Bugün CIA'yı yöneten ekip, birkaç yıldır içeride darbelerle
başaramadığını şimdi ABD'de açılan davalarla başarmak istiyor. İşte
o davalardan biri de önümüzdeki günlerde gündeme gelecek. İlginçtir
bu yeni davanın konusuyla günlerdir yazdığım Enver Altaylı da
ilgili.
Ona geleceğim ama önce o davadan söz edelim.
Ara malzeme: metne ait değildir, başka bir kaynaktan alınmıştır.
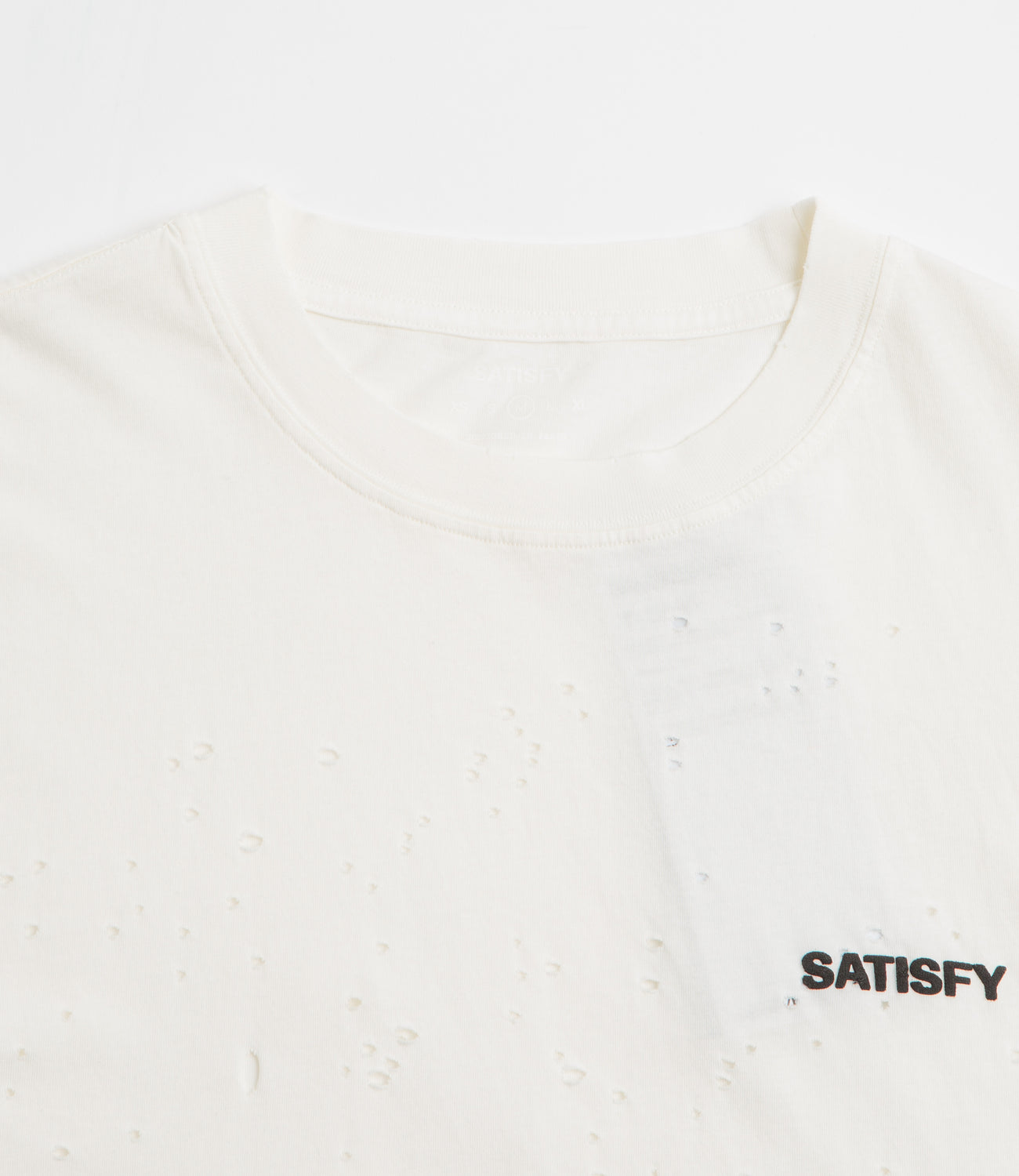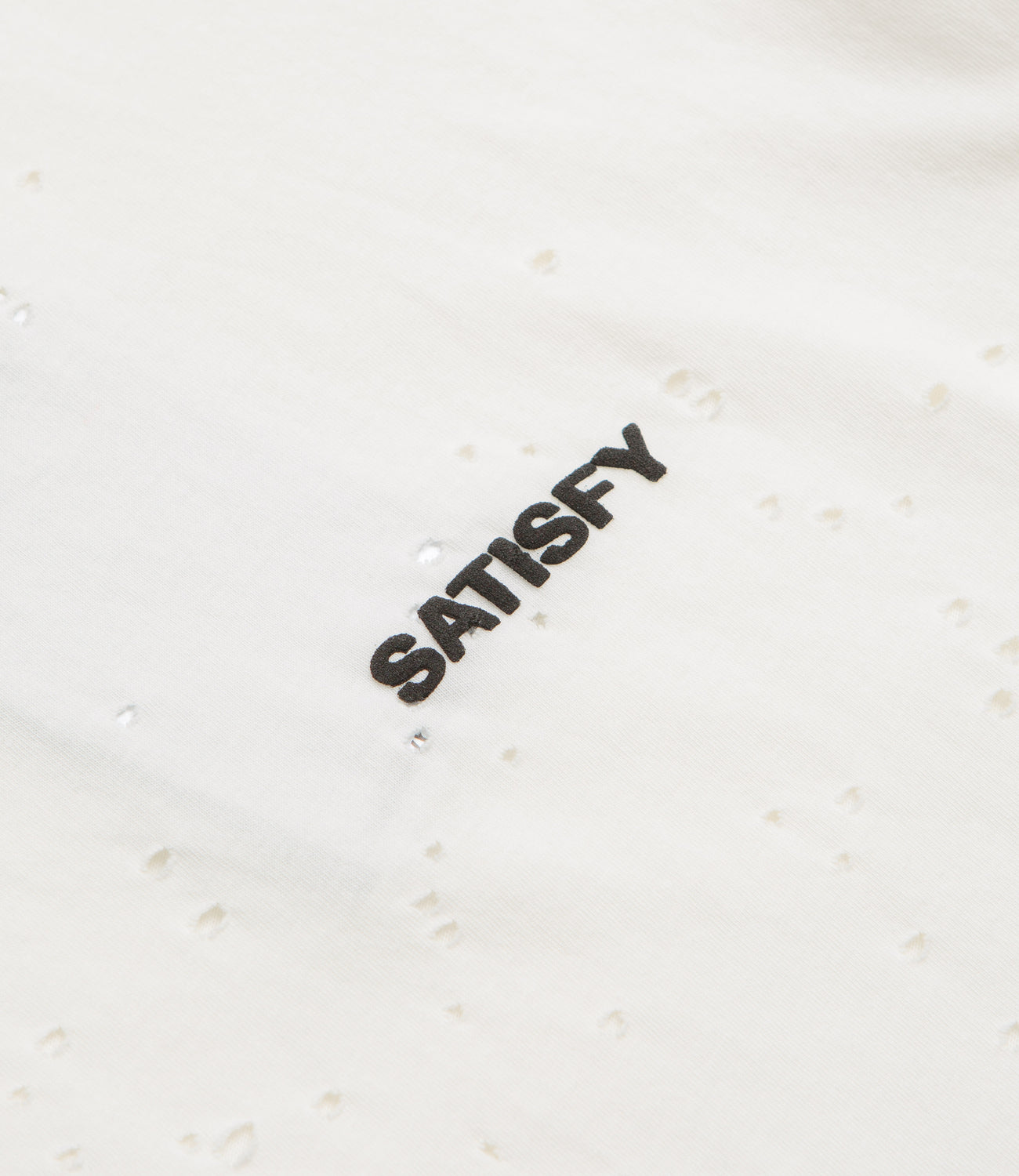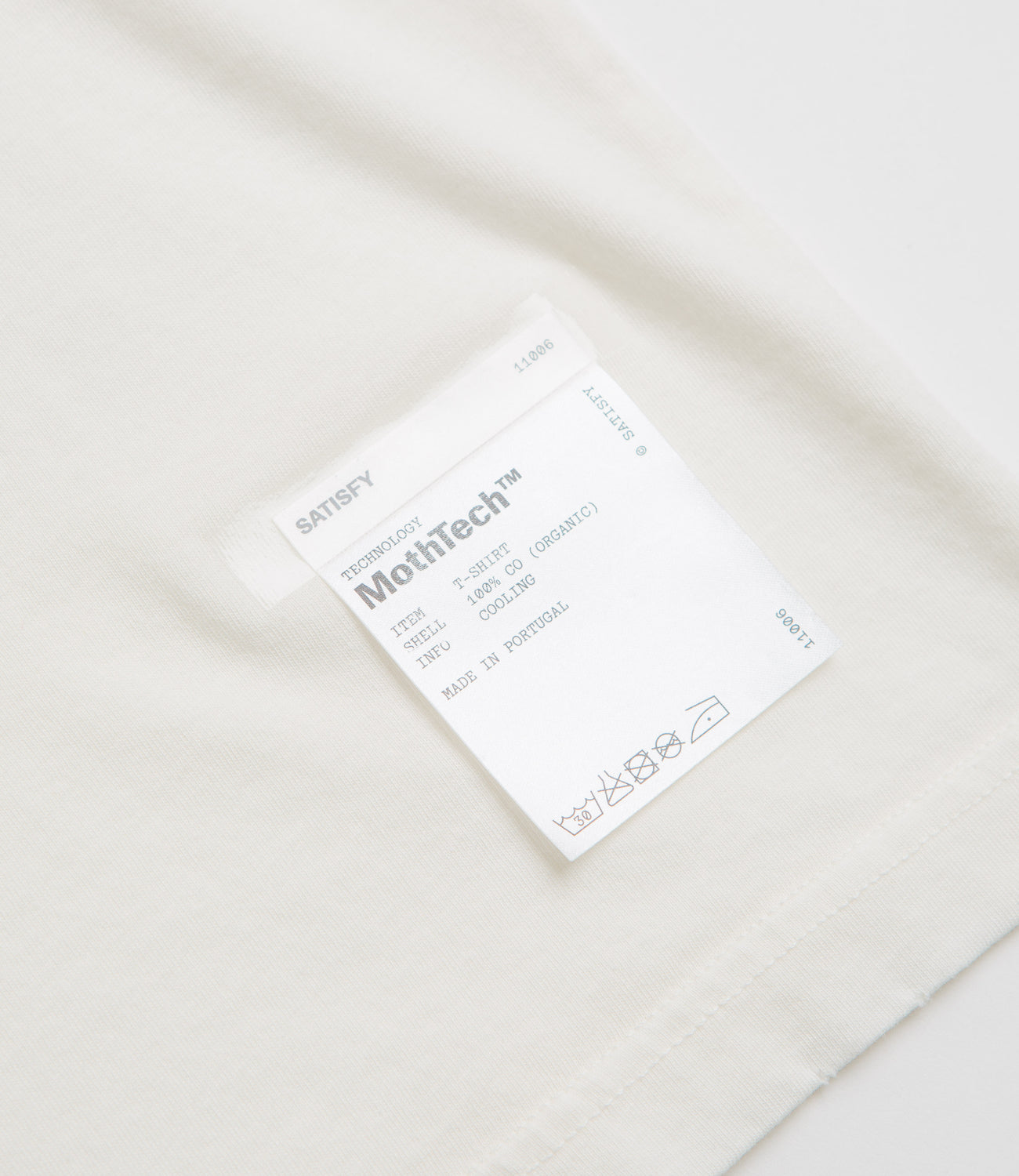Simple, smart, and built for movement. This regular-fit Satisfy tee uses soft 100% organic combed cotton with body-mapped MothTech™ ventilation to keep you cool when it counts. Finished in off-white with a classic crew neck, a subtle printed logo, a hidden inner pocket for essentials, and a detachable care label for a clean look.

Davaya giden yol, 8
Kasım 2016'da yani seçim günü Trump'ın ulusal güvenlik danışmanı
Mike Flynn'in Gülen'i "Türkiye'nin Bin Ladin'i" olarak niteleyen
yazısıyla açıldı.
İşte bu yazı, FETÖ elebaşısı Gülen'i ve arkasındaki güçleri
çıldırttı. Seçimi Trump'ın kazanmasından bir süre sonra da FETÖ'nün
arkasında duran CIA-Pentagon ve Medya gücü harekete geçti. Trump'ı,
Rusya ve Türkiye ile "özel ilişkiler" kurulduğu gerekçesiyle Flynn
üzerinden sıkıştırmaya başladı.
Özellikle de medyada sürekli, Türk işadamı Ekim Alptekin'le Flynn
ilişkisi üzerine haberler yapıldı. Flynn'in şirketine Alptekin'in
530 bin dolar ücret ödediği, Gülen'in Türkiye'ye verilmesi için
görüşmeler yaptığı, hatta iki bakanla Flynn'i buluşturduğu
yazıldı.
Tabii bu süreç sadece medyayla sınırlı kalmadı, ABD Adalet
Bakanlığı da harekete geçti ve soruşturma açtı. Flynn'in bir
yardımcısının itirafta bulunmasıyla da iş çığırından çıktı ve Flynn
istifa etmek zorunda kaldı. Bu sonucu medya, "Mike Flynn'in başını
Fetullah Gülen'in iade yazısı yakmış" yorumuyla verdi.